→ **Dataset extract**
⟨

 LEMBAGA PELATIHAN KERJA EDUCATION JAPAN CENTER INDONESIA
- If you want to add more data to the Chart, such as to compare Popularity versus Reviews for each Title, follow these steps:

⟩
⟨

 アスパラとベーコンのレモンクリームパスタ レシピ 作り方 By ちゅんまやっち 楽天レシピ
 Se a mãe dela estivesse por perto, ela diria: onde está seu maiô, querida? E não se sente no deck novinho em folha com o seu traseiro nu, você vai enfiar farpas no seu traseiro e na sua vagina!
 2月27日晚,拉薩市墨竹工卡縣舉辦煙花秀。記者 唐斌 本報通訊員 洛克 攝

⟩
⟨

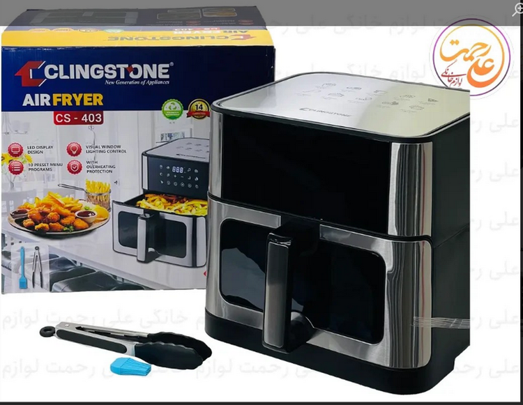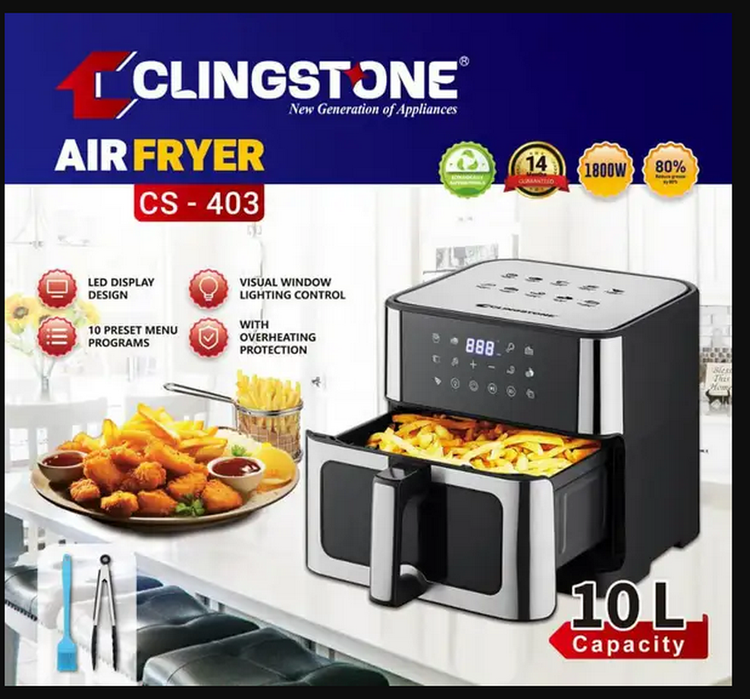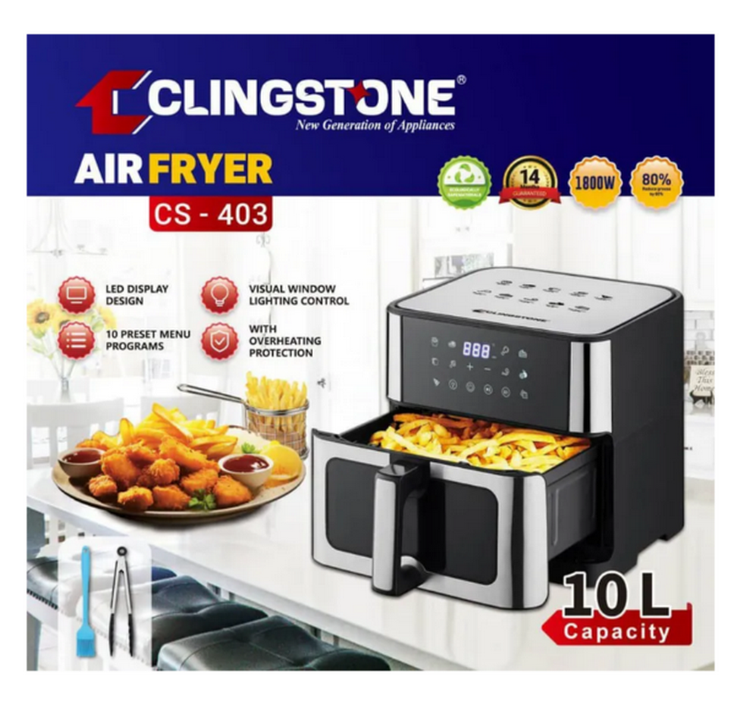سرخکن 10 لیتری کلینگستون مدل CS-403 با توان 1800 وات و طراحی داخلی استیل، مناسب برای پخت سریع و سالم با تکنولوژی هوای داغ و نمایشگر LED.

⟩

→ **Assignment**
Given the records above, restate word for word only the lines starting at the one with "Se a mãe dela" and ending at the one with "2月27日晚,拉薩市墨竹工卡縣舉辦煙花秀。記者 唐斌 本報通訊員 洛克 攝".

→ **Finished task**
 Se a mãe dela estivesse por perto, ela diria: onde está seu maiô, querida? E não se sente no deck novinho em folha com o seu traseiro nu, você vai enfiar farpas no seu traseiro e na sua vagina!
 2月27日晚,拉薩市墨竹工卡縣舉辦煙花秀。記者 唐斌 本報通訊員 洛克 攝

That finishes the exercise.